The tools of our full online office suite include e-mail, document and file management, calendar, tasks, meetings, contacts, project management, reporting, and timesheet management. The power of managing knowledge and collaboration is unleashed when all of these individual components are shared and used within an entire organization, a division, or a project team. We believe CYIPRO™ will remove the dependency of working from an organization’s office, which will free employees to access their e-mail, documents, projects, contacts, and reports from any geographic location at anytime. We believe operational costs are also reduced as CYIPRO™ helps small businesses eliminate the burdensome expenses of owning and maintaining servers, associated software, and an internal or outsourced IT staff.
Recent Developments
CYIPRO will be a dominant factor moving forward in revenue growth and its target is the government telework initiative. CYIOS signed a term sheet for line of equity for 7 million dollars and we filed our S1. We have made a few strides in our advisory board but nothing has fully come to fruition.
Our principal executive offices are located at 1300 Pennsylvania Avenue, Suite 700, Washington, D.C. 20004, and our telephone number is (202) 204-3006. The address of our website is www.cyios.com.

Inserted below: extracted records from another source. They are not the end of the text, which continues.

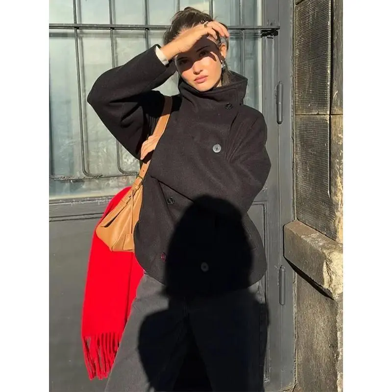 Solid Turtleneck Double-Breasted Pocket Coats Women Casual Loose Full Sleeve Female Jacket 2025 Autumn Office Lady Jackets
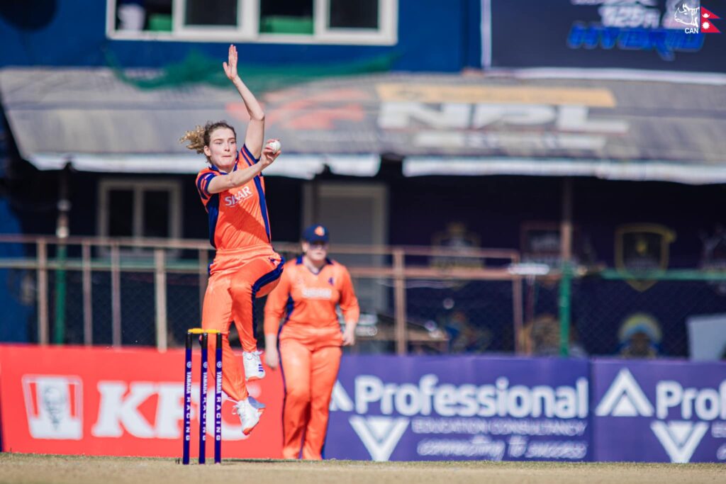 The Netherlands bowlers Iris Zwilling (1/24) and Caroline de Lange (1/22) picked up a wicket each.
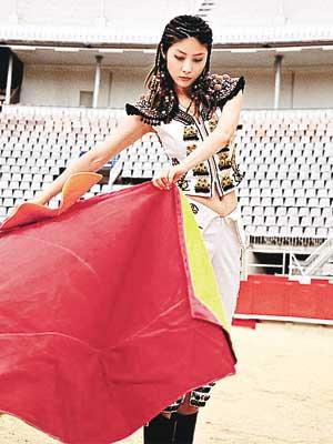 中新網(wǎng)8月13日電 香港著名歌手陳慧琳(Kelly)早前在西班牙拍攝新碟封套,穿上重達(dá)數(shù)十磅的斗牛勇士裝上陣,威風(fēng)凜凜!香港媒體報(bào)道,Kelly的美貌更吸引在場斗牛士向她求愛,令她尷尬不已!
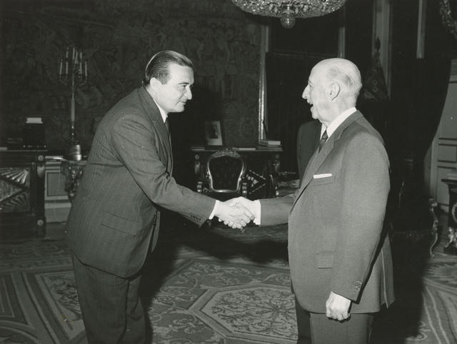 Instantánea de Francisco Franco durante una audiencia especial al ministro de Agricultura y Ganadería de Paraguay, Hernando Bertoni Flores.
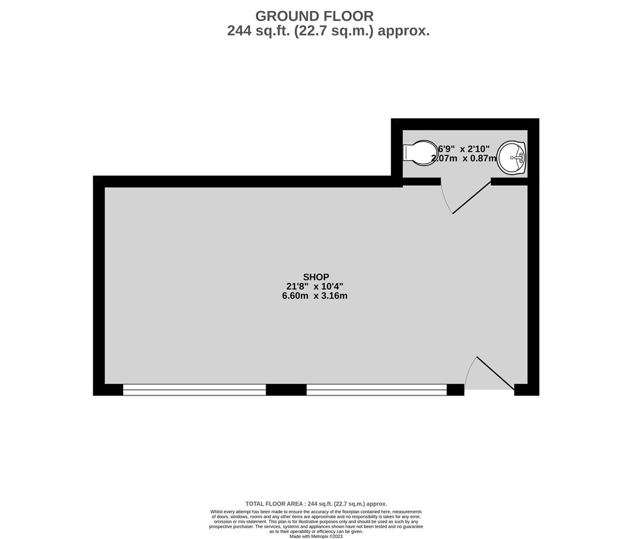 Ground floor commercial investment of approximately 244 sq ft let at a passing rent of £6,500pa on a new 5 year lease from January 2024. The property comprises an open plan shop space with rear toilet facilities.

Information on our website is not part of this prospectus.
Competition
As a small business, we have eliminated discussions of the mid to large size companies. In the small business space, there are generally about 300 IT contractors that bid against us. We further separate ourselves with our security clearance to an estimated 150 IT contractors. As we get into our specific field of KM, we estimate our competition is narrowed to under 50 companies.

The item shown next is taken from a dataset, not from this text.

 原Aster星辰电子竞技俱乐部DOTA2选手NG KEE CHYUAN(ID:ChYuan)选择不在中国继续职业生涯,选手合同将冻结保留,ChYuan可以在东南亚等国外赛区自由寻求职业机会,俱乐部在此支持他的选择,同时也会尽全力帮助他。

Dependence on Few Major Customers
We are either a prime or sub contractor on contracts with Titan Corporation, Information Management Support Center and GOMO/SLD. Loss of these contracts could have a material adverse effect upon our financial condition and results of operations. We believe that federal governmental agencies will continue to be the source of all or substantially all of our revenues for the foreseeable future.
Government Regulations
All work performed in our space is governed by the federal acquisition regulation. There are small deviations from this named defense federal acquisition regulation.
Intellectual Property
Overview
We rely on a combination of trademarks, trade secrets and contract law rights in order to protect our brand, intellectual property assets and confidential or proprietary information (our “Proprietary Rights”). Our Proprietary Rights are among the most important assets we possess and we depend significantly on these Proprietary Rights in being able to effectively compete in our industry. We cannot be certain that the precautions we have taken to safeguard our Proprietary Rights will provide meaningful protection from the unauthorized use by others. If we must pursue litigation in the future to enforce or otherwise protect our Proprietary Rights, or to determine the validity and scope of the rights of others, we may not prevail and will likely have to make substantial expenditures and divert valuable resources in the process. Moreover, we may not have adequate remedies if our Proprietary Rights are appropriated or disclosed.
Trademarks
As of the fiscal year ended December 31, 2010, CYIOS DC has registered the CYIOS®, and CKO has applied for registration of the CYIPRO™ logo with the United States Patent and Trademark Office in order to establish and protect our brand name and logo as part of our Proprietary Rights.
Copyrights
We claim copyright protection and rights to our CYIPRO™ software and operating system.
Trade Secrets
Whenever we deem it important for purposes of maintaining competitive advantages, we will require parties with whom we share, or who otherwise are likely to become privy to, our trade secrets or other confidential information to execute and deliver to us confidentiality and/or non-disclosure agreements. Among others, this may include employees, consultants and other advisors, each of whom we would require execute such an agreement upon commencement of their employment, consulting or advisory relationships. These agreements will generally provide that all confidential information developed or made known to the individual by us during the course of the individual’s relationship with us is to be kept confidential and not to be disclosed to third parties except under specific circumstances.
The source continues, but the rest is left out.